Personal information
- Full name: Arthur John Rowe
- Born: 1870 Northam, Devon, England
- Died: 11 February 1962 (aged 91) Forest Row, Sussex, England
- Sporting nationality: England

Career
- Status: Professional
- Professional wins: 2

Best results in major championships
- Masters Tournament: DNP
- PGA Championship: DNP
- U.S. Open: DNP
- The Open Championship: T11: 1905

= Jack Rowe (golfer) =

English golfer (1870–1962)

Arthur John "Jack" Rowe (1870 – 11 February 1962) was an English professional golfer. Rowe won a tournament at Westward Ho! in 1899 while his best finish in the Open Championship was in 1905 where he finished in a tie for 11th place. He played three times for England against Scotland between 1903 and 1907 and was a professional at Royal Ashdown Forest Golf Club for 55 years.

==Early life==
Rowe was born in Northam, Devon close to Westward Ho! and the Royal North Devon Golf Club.

==Golf career==
Rowe was a professional at Douglas, Isle of Man but moved to Royal Ashdown Forest Golf Club on 29 September 1892.

Rowe first played in the Open Championship in 1894 at Royal St George's Golf Club where he finished 23rd. Rowe won a tournament at the Royal North Devon Golf Club in August 1899, where he beat James Braid 3&2 in the 18-hole final. His best finish in The Open was in 1905 when he tied for 11th place. He played for England against Scotland 3 times between 1903 and 1907. He last qualified for the Open Championship in 1924, finishing tied for 47th place. He made his last attempt to qualify at St Andrews in 1939, scoring 77 on the Old Course on the first day but then taking 94 on the New Course.

Rowe retired at professional at Royal Ashdown Forest in 1947 after 55 years service. He played a fourball match to mark the occasion and went round the course in 76, exactly his age.

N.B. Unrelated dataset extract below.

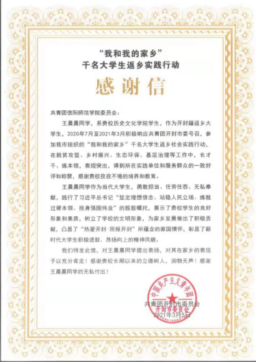 信中写道,王晨晨同学在家乡脱贫攻坚、乡村振兴、生态环保、基层治理等工作中,认真严谨、脚踏实地,努力长才干、练本领,得到了所在实践单位和服务群众的一致好评与称赞。王晨晨同学作为当代大学生,勇敢担当、任劳任怨、无私奉献,践行了习近平总书记“坚定理想信念、站稳人民立场、练就过硬本领、投身强国伟业”的殷殷嘱托,展现了大学生的良好形象与素质,树立了学校的文明形象,为家乡的发展做出了积极的贡献,凸显了“热爱开封”所蕴含的家国情怀,彰显了新时代大学生积极进取、昂扬向上的精神风貌。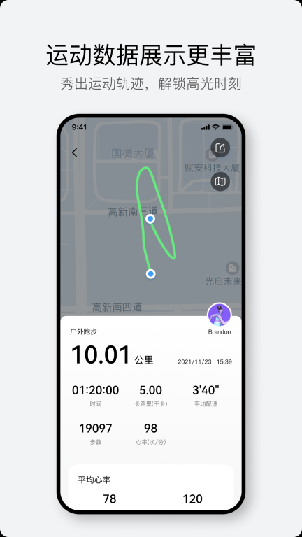 可随时追踪运动轨迹,精准计算卡路里消耗。

He was presented with a clock and cheque.

==Death==
Rowe died on 11 February 1962 aged 91. He was still living in Forest Row close to the Royal Ashdown Forest Golf Club.

==Tournament wins (2)==
Note: This list may be incomplete.
- 1899 Westward Ho! Tournament
- 1908 Sussex Professional Tournament

==Results in major championships==

| Tournament | 1894 | 1895 | 1896 | 1897 | 1898 | 1899 |
|---|---|---|---|---|---|---|
| The Open Championship | T23 |  | 31 | 28 | T32 | 31 |

| Tournament | 1900 | 1901 | 1902 | 1903 | 1904 | 1905 | 1906 | 1907 | 1908 | 1909 |
|---|---|---|---|---|---|---|---|---|---|---|
| The Open Championship |  |  | T15 | CUT | T16 | T11 | CUT | 23 |  |  |

| Tournament | 1910 | 1911 | 1912 | 1913 | 1914 | 1915 | 1916 | 1917 | 1918 | 1919 |
|---|---|---|---|---|---|---|---|---|---|---|
| The Open Championship | T22 | T35 |  | T34 |  | NT | NT | NT | NT | NT |

| Tournament | 1920 | 1921 | 1922 | 1923 | 1924 |
|---|---|---|---|---|---|
| The Open Championship | T50 |  |  |  | T47 |

Note: Rowe only played in The Open Championship.

NT = No tournament

CUT = missed the half-way cut

"T" indicates a tie for a place

==Team appearances==
- England–Scotland Professional Match (representing England): 1903, 1906 (winners) 1907 (winners)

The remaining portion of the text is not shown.